Мальчишки уставились на нее.
– Возможно, – наконец согласился Рудик.
– А насчет расследования, – продолжила Янка.
– Да нет же! – запротестовал Рудик.
– Да послушай!
– Хорошо, я слушаю.
– Так вот, насчет нашего расследования. Я прекрасно понимаю: если мы начнем во всем этом копаться, то, возможно, мы узнаем больше, чем нам сейчас говорят. И возможно, нам от этого проще жить не станет. Но если мы не разберемся, что, в конце концов, творится в этом городе, то это может плохо кончиться! Если не для нас всех, то для меня – точно! Сколько уже случаев было!
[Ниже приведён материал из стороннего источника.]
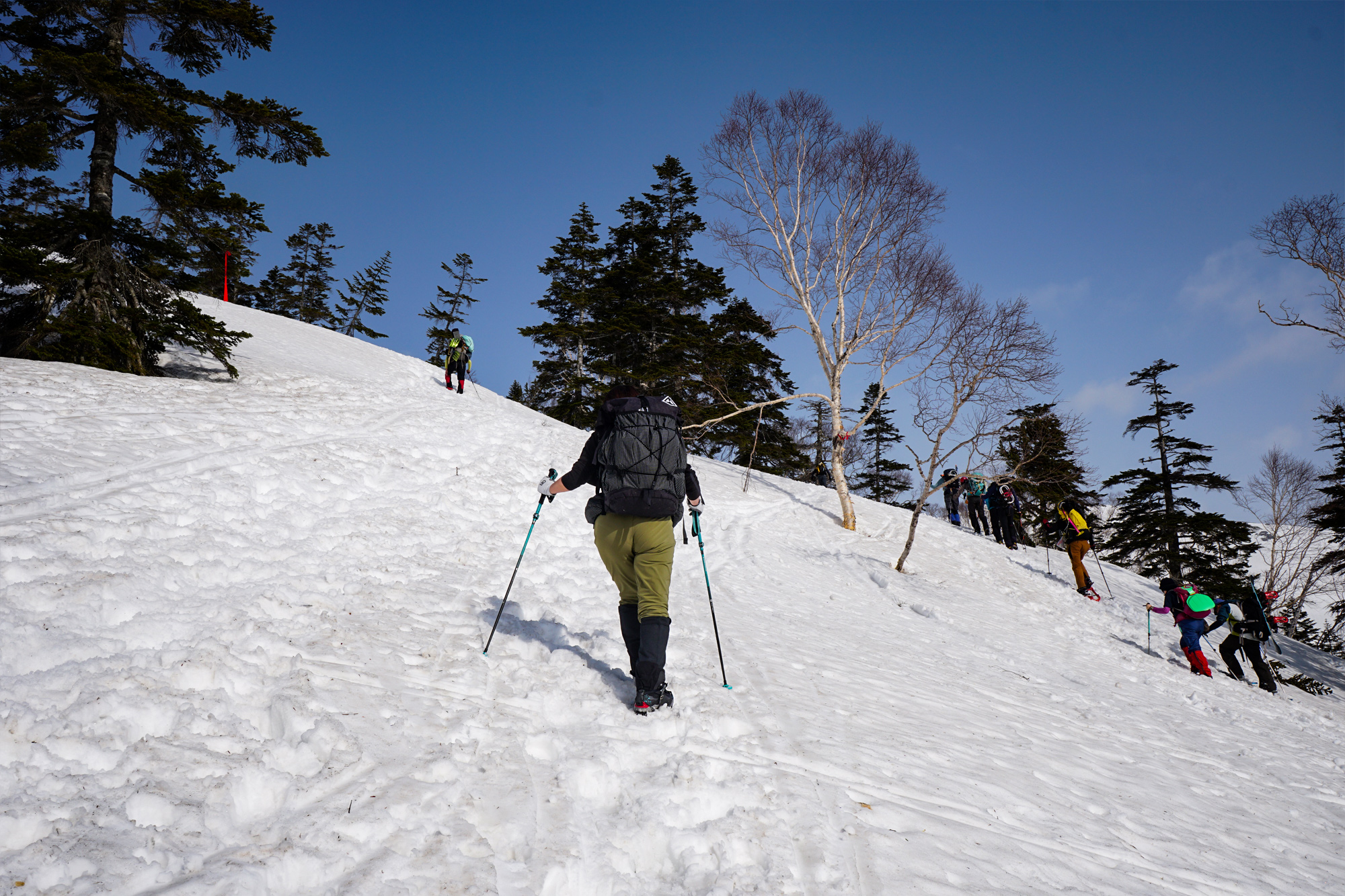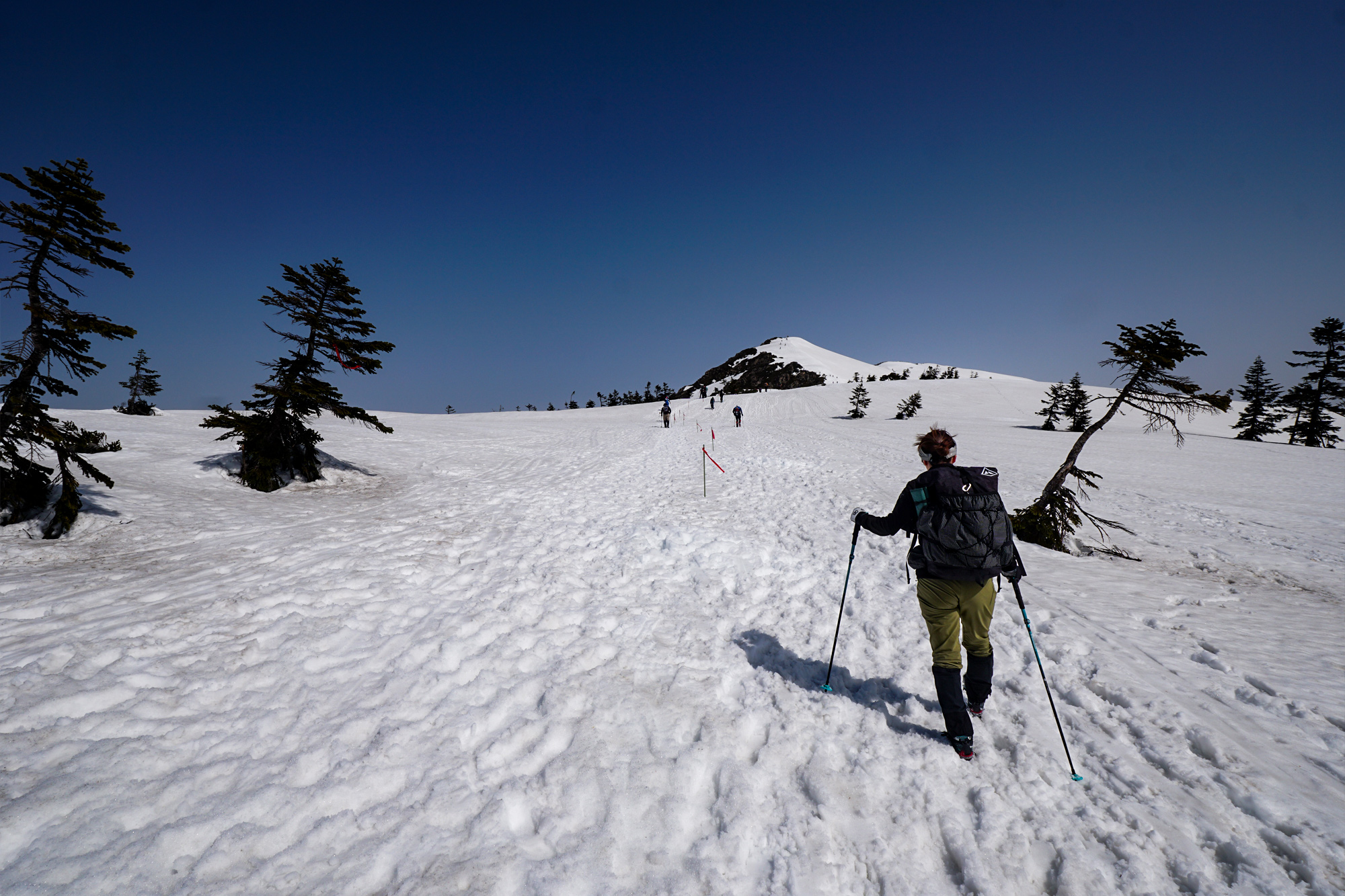 だだっ広い雪原なので悪天候時には迷いそうですが、ポールが有り難いですね。
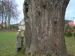 Drzewo jest jednym z najstarszych dębów w Polsce, jego wiek szacowany jest na 613 lat[2] (w 2016 roku). Ze względu na pusty środek (dla zabezpieczenia przed wywróceniem „olbrzyma” na pobliski zabytkowy kościół), fragment podstawy pnia został częściowo wypełniony betonem. Dąb jest w złym stanie zdrowotnym. Jego korona jest stosunkowo wąska (12 × 9 m), co może świadczyć o tym, że okaz jest w zaawansowanym stadium zamierania[1].
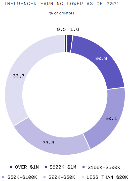 (3) 有 20.9% 的创作者收入在 10~50 万美元。
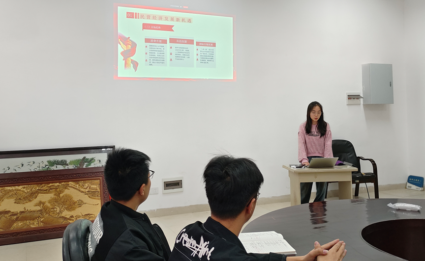 会上,罗竹婷同志围绕“聚焦民营经济,共促发展繁荣”主题展开党课。她指出,民营经济在我国经济中地位重要,是就业与税收的关键力量。并强调,当前的政策环境利好、市场趋势向好、国际市场拓展带来诸多机遇。同时,她也鼓励党员继续发挥先锋模范作用,助力民营经济蓬勃发展。
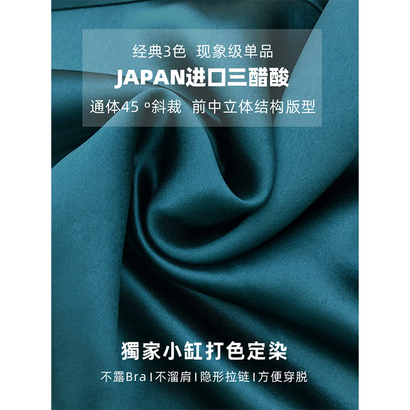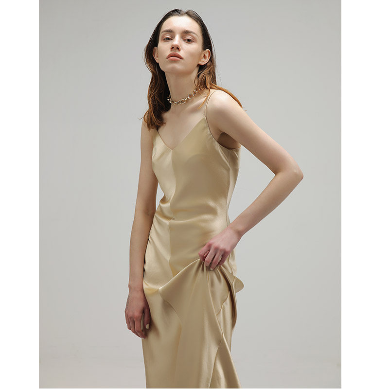 SOULKISS triacetate 45° oblique cut long skirt v-neck suspender dress women's summer
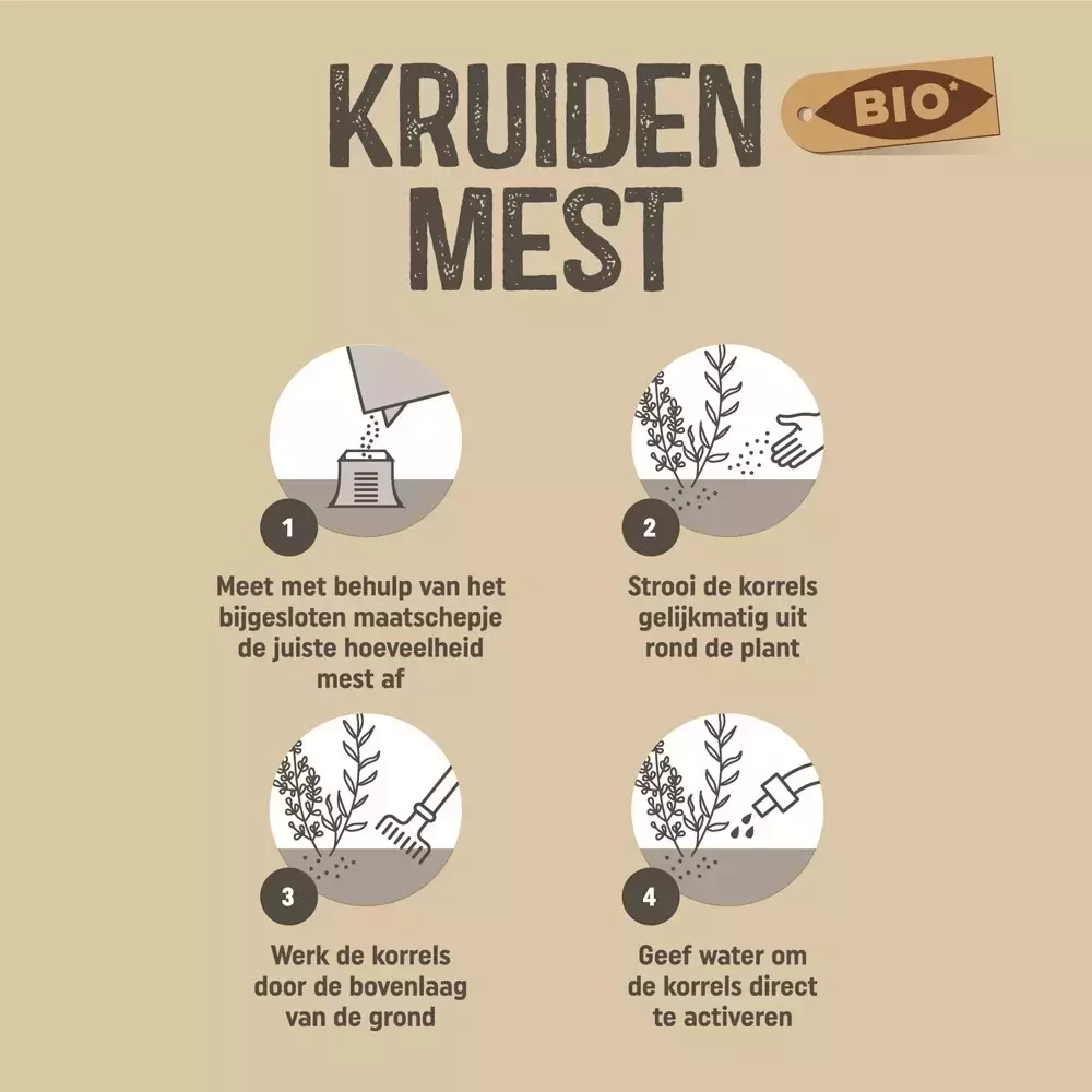 Pokon Bio Kruiden Mest is een biologische meststof speciaal ontwikkeld voor sterke kruidenplanten. Deze meststof bevordert niet alleen de groei, maar verhoogt ook de weerstand van de planten tegen ziektes en plagen, terwijl het de aroma's en smaken van kruiden versterkt. Geniet van een heerlijk geurende tuin en smaakvolle kruiden met deze 100% natuurlijke meststof.
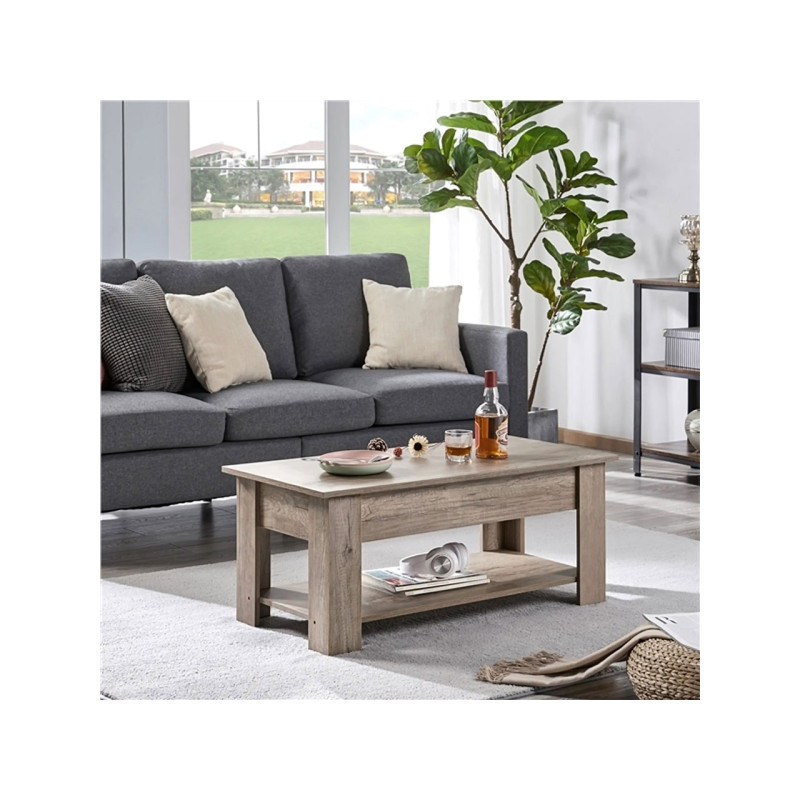 Tento konferenční stolek do obývacího pokoje nabízí dostatek úložného prostoru. Pod horní policí se nachází velký, částečně otevřený prostor. Dále obsahuje dvě zásuvky a dvě přihrádky na uložení drobných předmětů.
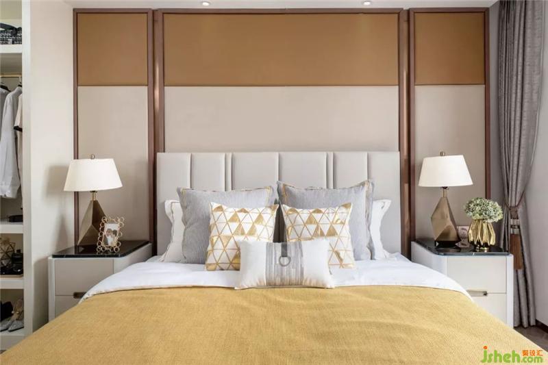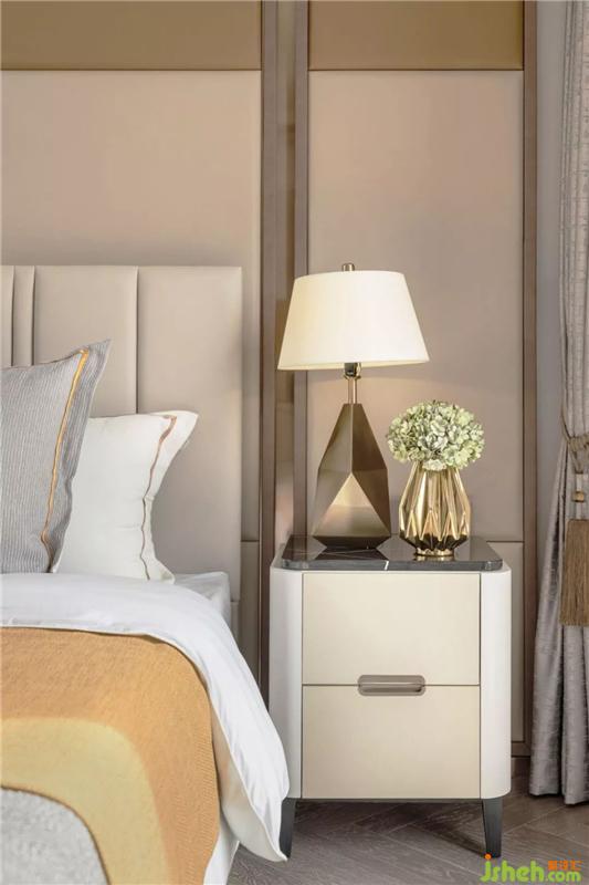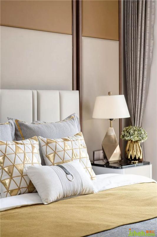 主臥延續(xù)了整體空間的色調(diào),大地棕色點(diǎn)綴金屬色,在主臥空間中顯得含蓄,靜謐。窗外景色正好,樹(shù)梢頭上,鳥(niǎo)兒淺唱,安謐意境莫不靜好,營(yíng)造出家的溫暖舒適之感。
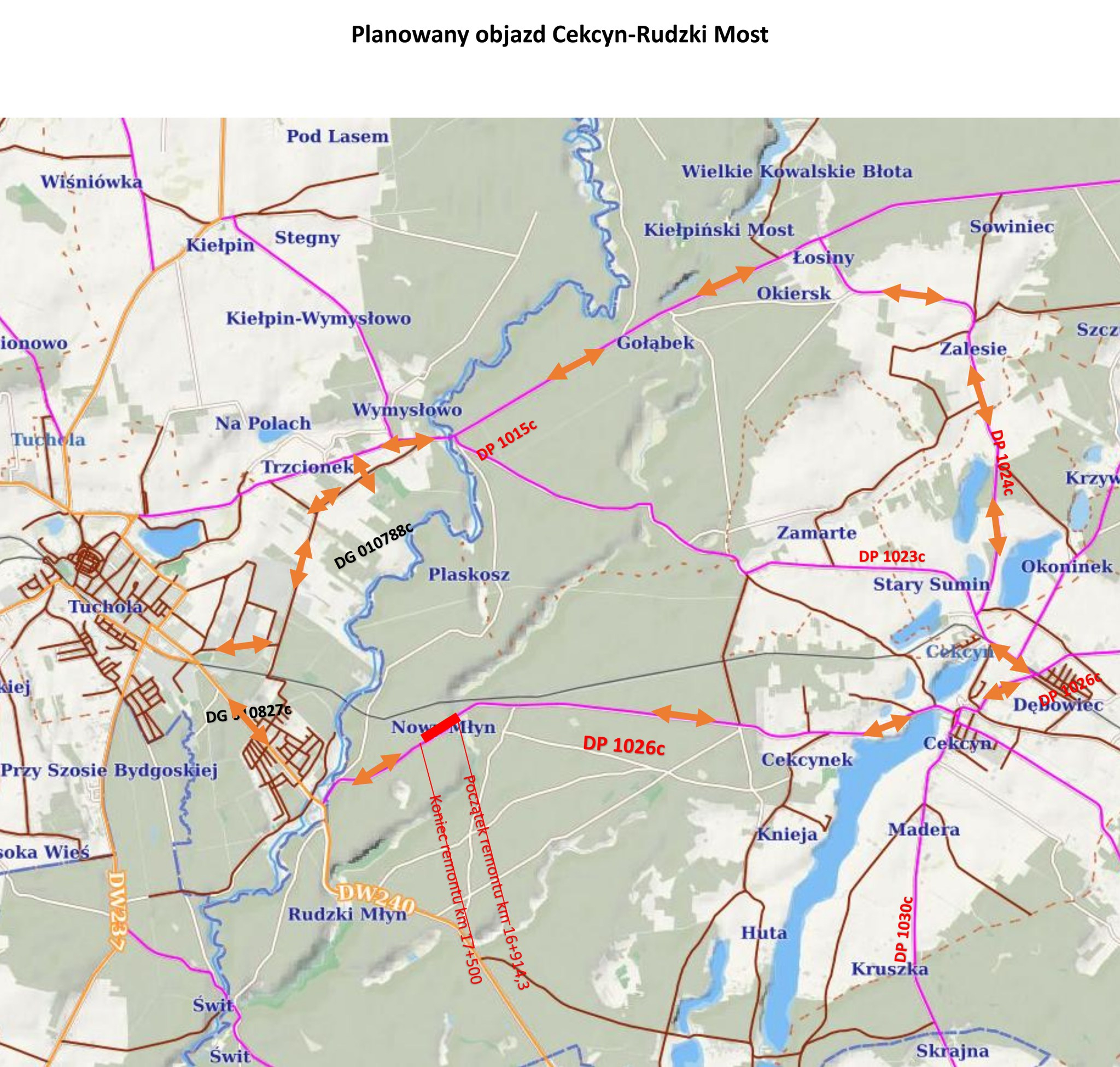 To kolejny etap inwestycji realizowanej przez powiat tucholski. Od środy, 8 października, droga w okolicy miejscowości Nowy Młyn będzie zamknięta dla ruchu. Zarząd Dróg Powiatowych wyznaczył objazdy przez Zalesie i Okiersk.
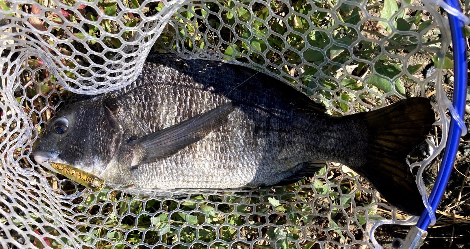日も高くなり武庫川は出ない!と見切りをつけて運河へ移動。岸際をみるとチヌがたくさん見えた。岸にべったりくっついてカニやらフナムシやらが落ちてくるのを待っている感じだったので岸ギリギリにルアーを投げてみる。
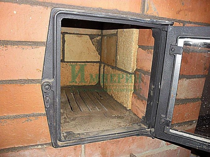 Der Reparaturbereich um die Tür sollte ziegelfrei sein und mit Wasser und einer steifen Bürste gespült werden, um alle Ton- und Rußrückstände zu entfernen. Danach wird die Oberfläche wie bei der Reparatur der Seitenflächen des Ofens grundiert. In allen Rissen rund um die Tür wird eine hitzebeständige Dichtung angebracht und sorgfältig mit Mörtel versiegelt.
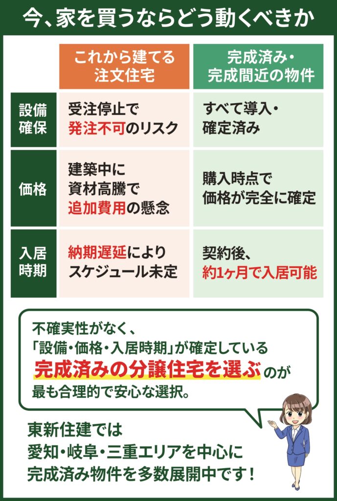 - 今後は「そもそも家を建てられない」というフェーズに移行する可能性があり、設備・価格・入居時期がすでに確定している完成済み物件を選ぶことが最も現実的な選択肢といえる
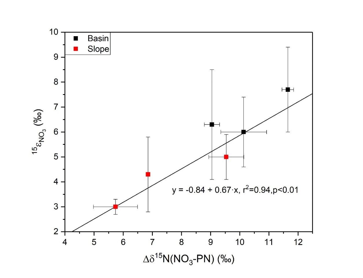 白令海陆架是全球海洋最高生产力的区域之一,而白令海陆坡和海盆则是典型的高营养盐低生物量区域,截然不同的环境特征意味着白令海陆架、陆坡和海盆区的氮循环过程可能存在差异。此前有关白令海氮循环的研究基本集中于陆架区,对陆坡和海盆区的了解很少。针对这一现状,我们开展了夏季白令海西部海域陆坡区和海盆区硝酸盐和悬浮颗粒有机物氮同位素组成的研究,旨在揭示陆坡和海盆区氮循环过程的特征。研究表明,硝酸盐δ15N由次表层向表层逐渐增加,同时伴随着硝酸盐浓度的降低,反映了浮游植物同化吸收的效应。由瑞利模型计算出的陆坡区和海盆区硝酸盐同化吸收的同位素分馏系数分别为4.1 ± 0.8‰和6.1 ± 2.1‰,其中海盆区分馏系数的空间变化可能更多地与浮游植物群落的变化有关,而陆坡区因硝化作用影响,所得的分馏系数可能被低估了。通过结合硝酸盐和悬浮颗粒物的δ15N可以发现,白令海陆坡和海盆区的初级生产力主要以再生营养盐来支持,硝化作用仅在陆坡区比较明显,原因在于其较高的生产力和较活跃的有机物再矿化作用。成果发表在Deep-Sea Research I期刊上。
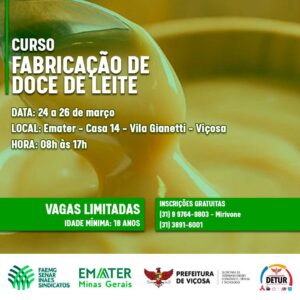 Viçosa: curso de fabricação de doce de leite será realizado na cidade de forma gratuita
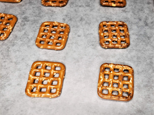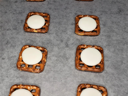 Place into the oven for about 2-3 minutes or until the candy melt starts to slightly melt
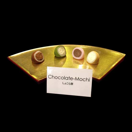 Showcased is chocolate mochi with a soft and smooth texture. The sweet aroma and flavor matches tea and coffee perfectly. This light and flavorful mochi is a great idea of snacks for children.

– Почему ты так считаешь, Янна? – оторопел Рудик.
– Потому что знаем мы чего-то, или не знаем, мы все равно находимся в опасности! Эти грифоны, или кто там они, – они все равно ищут того, кто их пробудил. Не зная, мы в большей опасности, чем зная. Мы хотя бы не будем соваться туда, куда не следует.
– По-моему, Янна права, – Людик взглянул на брата. Тот ничего не говорил и сидел, теребя в руках ноты таинственного графа, каким-то чудом сохранившиеся в библиотеке Академии Наук.
– Что ж, – наконец кивнул он, – предупрежден, значит вооружен.
– Или спасен, – добавила Янка, – лично мне не хочется превращаться в завтрак для грифона.
– Ладно, уговорили. С чего начнем? – Рудик вынул из кармана небольшой ключ и открыл скрипичный футляр.
– Со сбора данных и встречи с тем мальчиком – другом Сергея. Помните? Только я не знаю, стоит ли вам идти, ведь Илья – не Сережа, нас без переводчика ему не понять. А раскрываться, это как-то не очень правильно, наверное.
– М-м… да. Но вроде Сергей ему хотел записку оставить и все объяснить. Может, он написал и про то, что мы иностранцы, и что мы понимать его можем? – с надеждой спросил Людик, – узнать про это как-то можно?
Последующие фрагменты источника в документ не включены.